▶ [Information]:
= = = =

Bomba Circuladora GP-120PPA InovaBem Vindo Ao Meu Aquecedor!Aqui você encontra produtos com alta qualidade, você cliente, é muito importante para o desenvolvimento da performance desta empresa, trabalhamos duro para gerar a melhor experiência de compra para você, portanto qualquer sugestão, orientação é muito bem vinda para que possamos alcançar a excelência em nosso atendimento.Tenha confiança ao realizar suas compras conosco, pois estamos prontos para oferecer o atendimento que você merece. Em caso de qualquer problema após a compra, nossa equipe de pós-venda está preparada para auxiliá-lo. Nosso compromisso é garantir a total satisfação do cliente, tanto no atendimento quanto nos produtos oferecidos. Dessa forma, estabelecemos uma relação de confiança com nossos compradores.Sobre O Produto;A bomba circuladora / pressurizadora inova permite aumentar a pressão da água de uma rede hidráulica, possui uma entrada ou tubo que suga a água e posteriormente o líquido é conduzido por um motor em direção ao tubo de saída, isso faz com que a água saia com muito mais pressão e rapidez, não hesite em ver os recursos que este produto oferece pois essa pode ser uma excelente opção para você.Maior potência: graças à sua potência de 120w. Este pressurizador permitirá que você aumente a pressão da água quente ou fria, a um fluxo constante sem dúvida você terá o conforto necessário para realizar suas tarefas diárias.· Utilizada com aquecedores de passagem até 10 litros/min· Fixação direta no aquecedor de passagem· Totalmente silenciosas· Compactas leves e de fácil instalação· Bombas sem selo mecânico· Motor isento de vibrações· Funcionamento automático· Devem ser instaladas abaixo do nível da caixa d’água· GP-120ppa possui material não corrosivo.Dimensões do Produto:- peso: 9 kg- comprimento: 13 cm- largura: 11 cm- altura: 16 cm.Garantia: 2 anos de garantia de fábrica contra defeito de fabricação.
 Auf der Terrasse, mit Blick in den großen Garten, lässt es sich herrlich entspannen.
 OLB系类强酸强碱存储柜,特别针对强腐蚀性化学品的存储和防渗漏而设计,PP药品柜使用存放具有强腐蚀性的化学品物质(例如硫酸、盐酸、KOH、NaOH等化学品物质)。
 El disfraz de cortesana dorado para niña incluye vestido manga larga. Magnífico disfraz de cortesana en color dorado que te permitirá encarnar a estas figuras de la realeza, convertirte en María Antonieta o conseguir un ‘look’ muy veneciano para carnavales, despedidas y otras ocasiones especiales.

= = = =

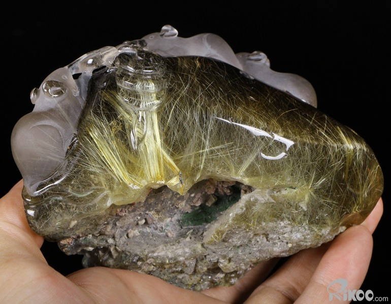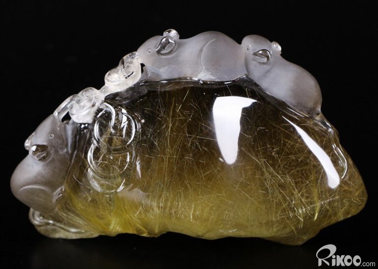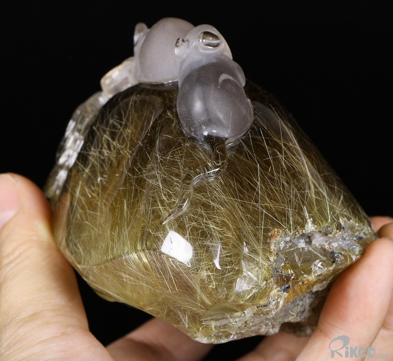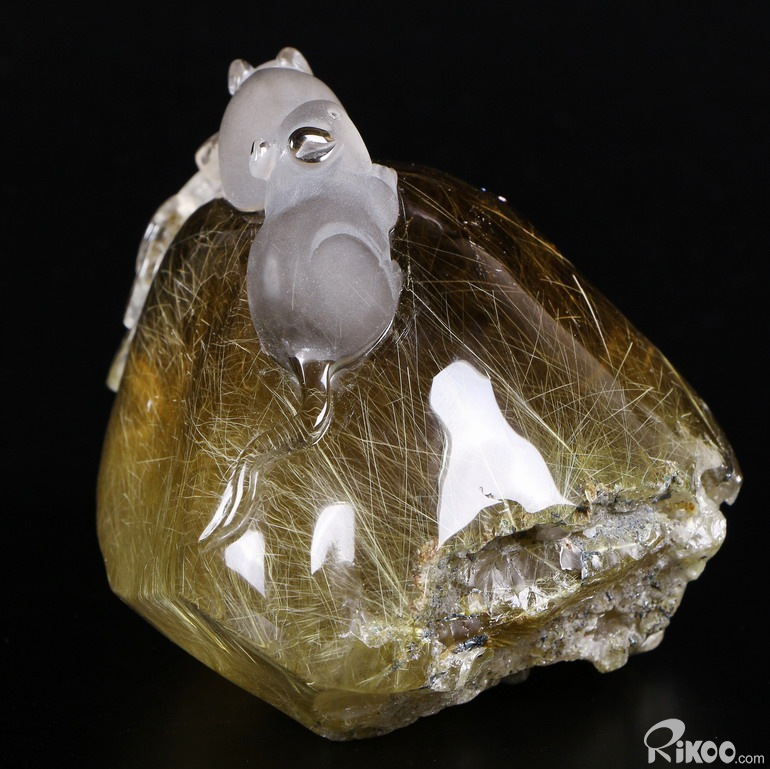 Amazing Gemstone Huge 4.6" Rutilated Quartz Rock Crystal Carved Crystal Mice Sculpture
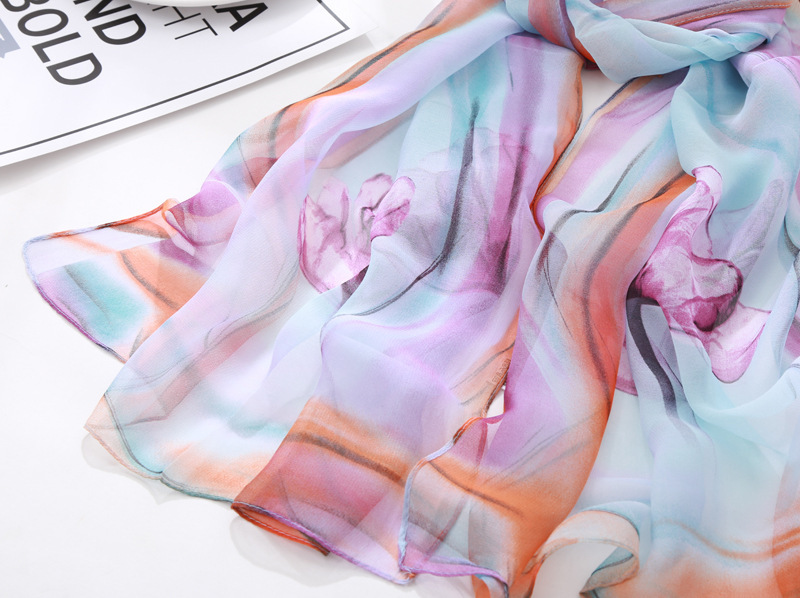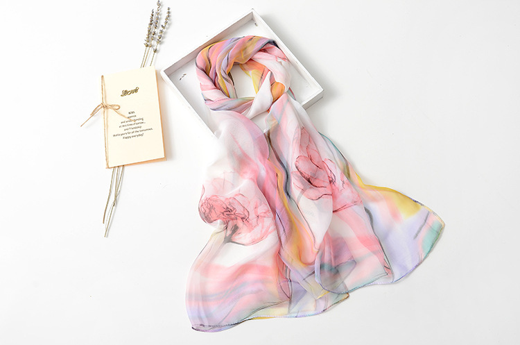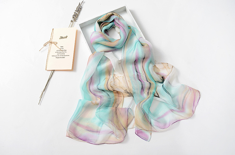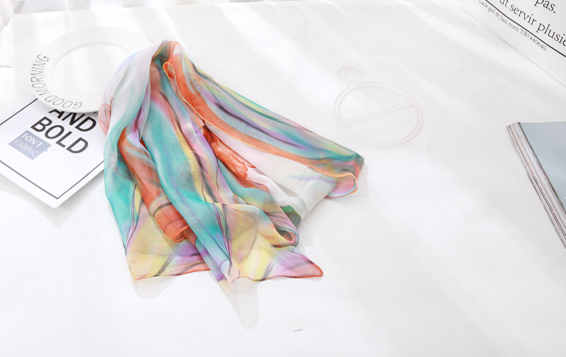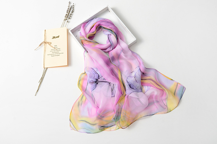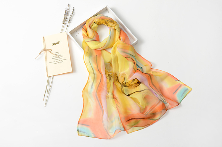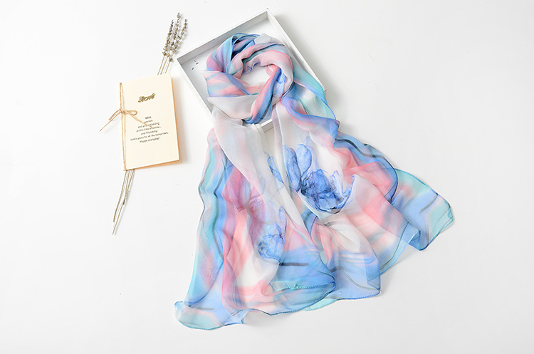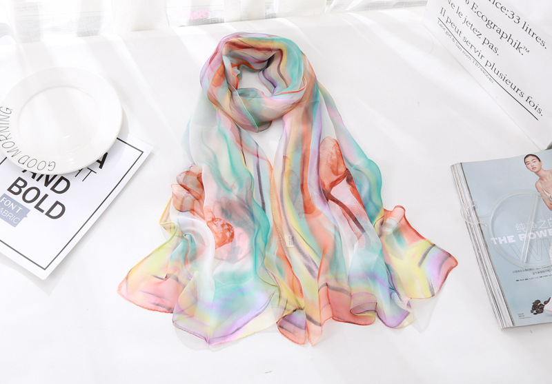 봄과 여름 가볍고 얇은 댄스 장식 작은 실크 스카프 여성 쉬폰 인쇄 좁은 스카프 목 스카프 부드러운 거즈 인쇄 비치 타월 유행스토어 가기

= = = =

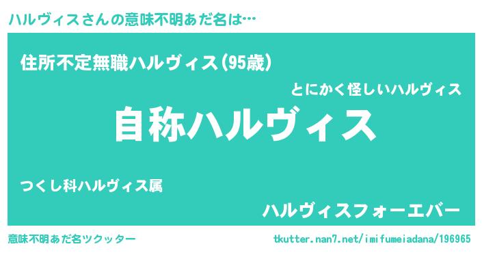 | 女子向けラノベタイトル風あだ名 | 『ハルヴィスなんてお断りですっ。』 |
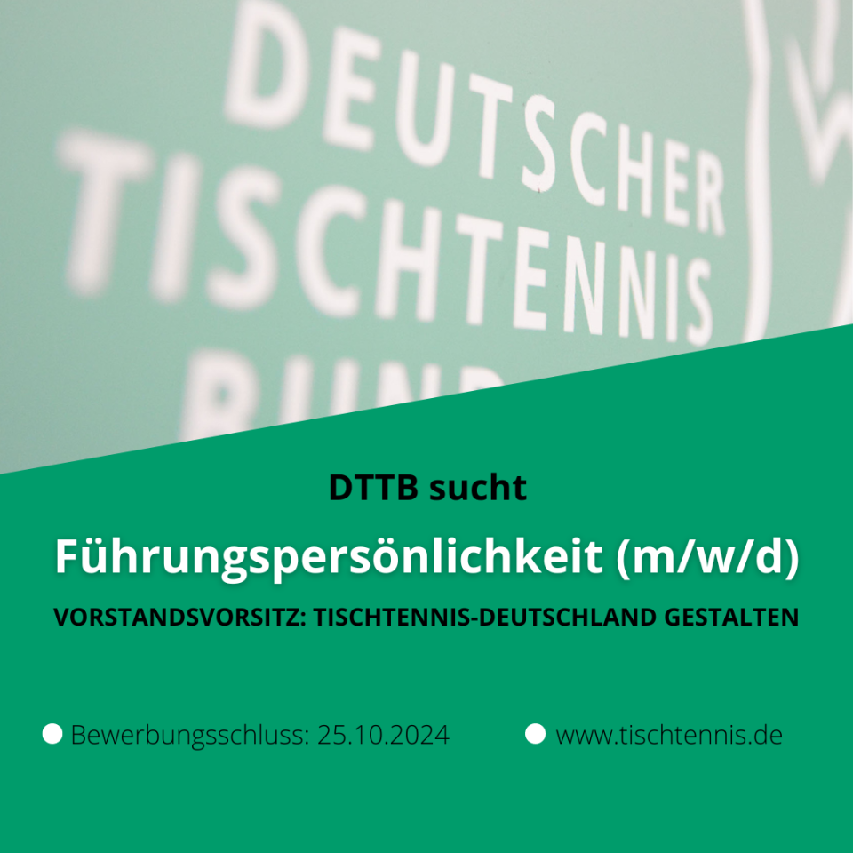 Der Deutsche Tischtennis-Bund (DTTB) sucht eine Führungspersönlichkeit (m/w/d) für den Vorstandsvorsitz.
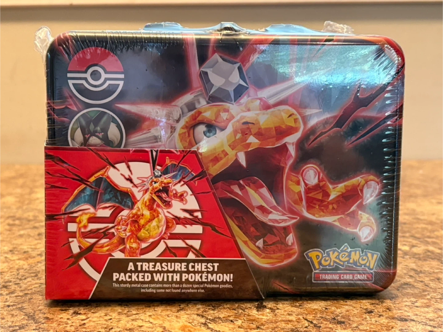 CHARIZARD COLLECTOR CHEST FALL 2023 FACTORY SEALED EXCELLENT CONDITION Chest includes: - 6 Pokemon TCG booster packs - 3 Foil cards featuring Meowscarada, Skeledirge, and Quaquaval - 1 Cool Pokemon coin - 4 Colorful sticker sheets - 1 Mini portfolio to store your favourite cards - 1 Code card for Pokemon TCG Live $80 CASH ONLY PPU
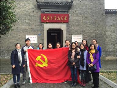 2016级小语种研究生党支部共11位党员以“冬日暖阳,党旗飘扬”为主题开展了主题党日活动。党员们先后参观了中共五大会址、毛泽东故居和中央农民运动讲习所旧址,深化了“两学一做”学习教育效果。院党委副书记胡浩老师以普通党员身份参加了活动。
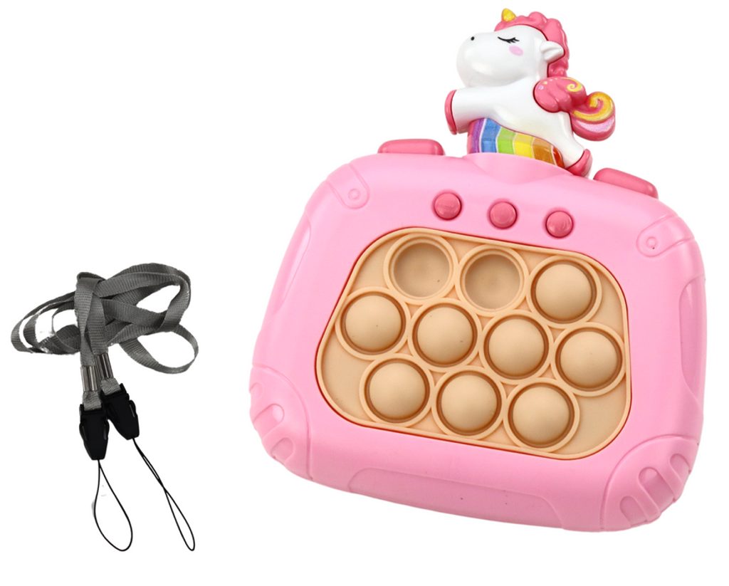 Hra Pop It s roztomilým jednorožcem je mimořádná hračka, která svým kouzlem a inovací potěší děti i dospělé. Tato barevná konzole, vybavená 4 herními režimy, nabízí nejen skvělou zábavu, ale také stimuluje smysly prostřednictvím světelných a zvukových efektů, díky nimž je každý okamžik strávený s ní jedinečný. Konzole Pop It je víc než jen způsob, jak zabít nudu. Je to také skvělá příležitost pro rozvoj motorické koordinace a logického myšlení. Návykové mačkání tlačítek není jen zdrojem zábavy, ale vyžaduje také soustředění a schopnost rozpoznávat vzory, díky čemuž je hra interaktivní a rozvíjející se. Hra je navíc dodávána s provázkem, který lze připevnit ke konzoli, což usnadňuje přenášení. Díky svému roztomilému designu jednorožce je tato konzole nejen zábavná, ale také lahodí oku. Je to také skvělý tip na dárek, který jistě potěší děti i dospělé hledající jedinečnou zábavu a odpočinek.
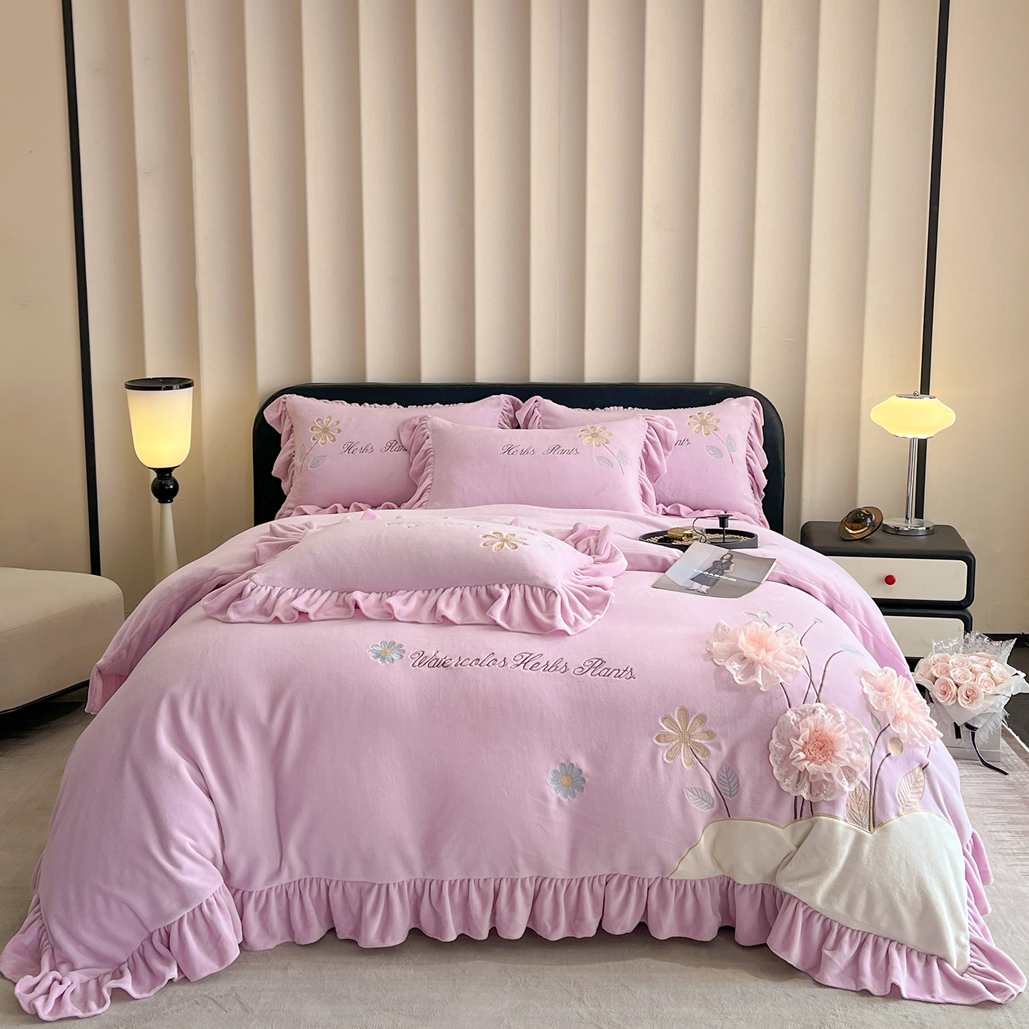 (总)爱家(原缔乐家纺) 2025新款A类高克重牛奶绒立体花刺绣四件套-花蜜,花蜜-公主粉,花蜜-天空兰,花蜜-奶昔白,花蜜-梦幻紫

= = = =

▶ [Required action]: What lines above run from the one with "Amazing Gemstone Huge" to the one with "봄과 여름 가볍고 얇은"? Give them again exactly, ends included, and leave the pictures out.

▶ [Exercise solution]:
 Amazing Gemstone Huge 4.6" Rutilated Quartz Rock Crystal Carved Crystal Mice Sculpture
 봄과 여름 가볍고 얇은 댄스 장식 작은 실크 스카프 여성 쉬폰 인쇄 좁은 스카프 목 스카프 부드러운 거즈 인쇄 비치 타월 유행스토어 가기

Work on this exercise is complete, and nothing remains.